6) lt. Ventricular hypertrophy results in increased diastolic pressure causing lt. atrial hypertrophy which is felt as an palpable as well as audible 4th sound during lt.atrial contraction.
7) when lt.ventricle starts failing in aortic stenosis it starts to dialate along with hypertrophy resulting in audible 3rd sound
8) in vulvar aortic stenosis there is post-stenotic dilation of aorta which is absent in supravalvar and subvalvar type.9) there is associated ejection click which follows 1st sound. It is well heard at apex and along lt sternal border.

CLINICAL FEATURES :-

1) with mild to moderat AS symptoms are less or pt. is asymptomatic.
2) with sever form pt has Dyspnea on exertion., pt also has History of angina on effort and Syncope . Presence of any 1 of these suggest sever aortic stenosis.
3) more the severity of aortic stenosis narrower the pulse pressure.
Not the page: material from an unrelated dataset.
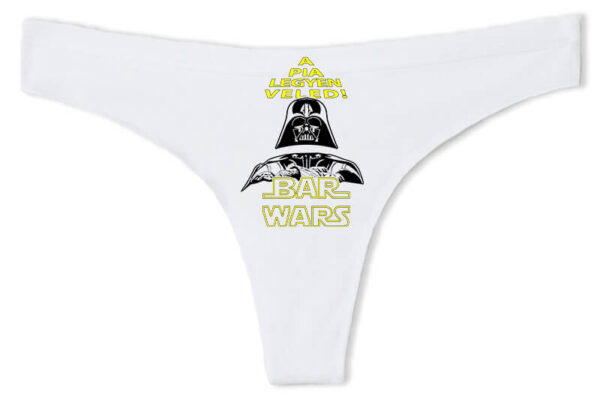 Bar Wars – Tanga. A tanga bugyi szexi és kényelmes ráadásul selymes tapintású fehérnemű. Anyaga 95% pamut és 5% elasztán. Bar Wars – Tanga alsónemű Star wars rajongóknak viccesen. Fehérnemű nyomtatás, bugyi nyomtatás a Pólóplanet webáruház oldalán.

This gives pulse the charactestic low amplitude prolonged duration.
4) In sever cases apical impulse is forcible and 4th sound is palpable
5) 1st sound is normal follwed by ejection click. 2nd sound is (A2) delayed but not diminished in intensity. 2nd sound is closely split , single or paradoxicaly split
6) ejection systolic murmur starts after ejection click reach peak in mid-systol.
With increasing severity the peak is audible to end rather than at mid systol.
7)absence of click and post aortic dilation differntiate subvalvar frm valvar.
8) aortic regurgitation murmur may be present or absent.
9) in supravalvar (william's syndrom) since the obstruction is above the level of valve loud A2 is heard.

TREATMENT :-

1) Balloon aortic valvuplasty :-
- It is a non surgical procedure in which a balloon is introduced in femoral artery , placed at aortic level and inflated. It is indicated when gradient is above 75mm.
- At present it is treatment of choice in valvar and discrete subvalvar aortic stenosis.
- Sever associated aortic regurgitation is only contraindication .

2) Surgical treatment :-
- Indicated when significant aortic regurgitation is associated.
- two surgical procedures
  i) Aortic valvotonmy
  ii) Aortic valve replacement
 are in use.
- those who undergone valvotmy may develop aortic regurgitation later. And those on prosthetic replacement should be kept on anticoagulants.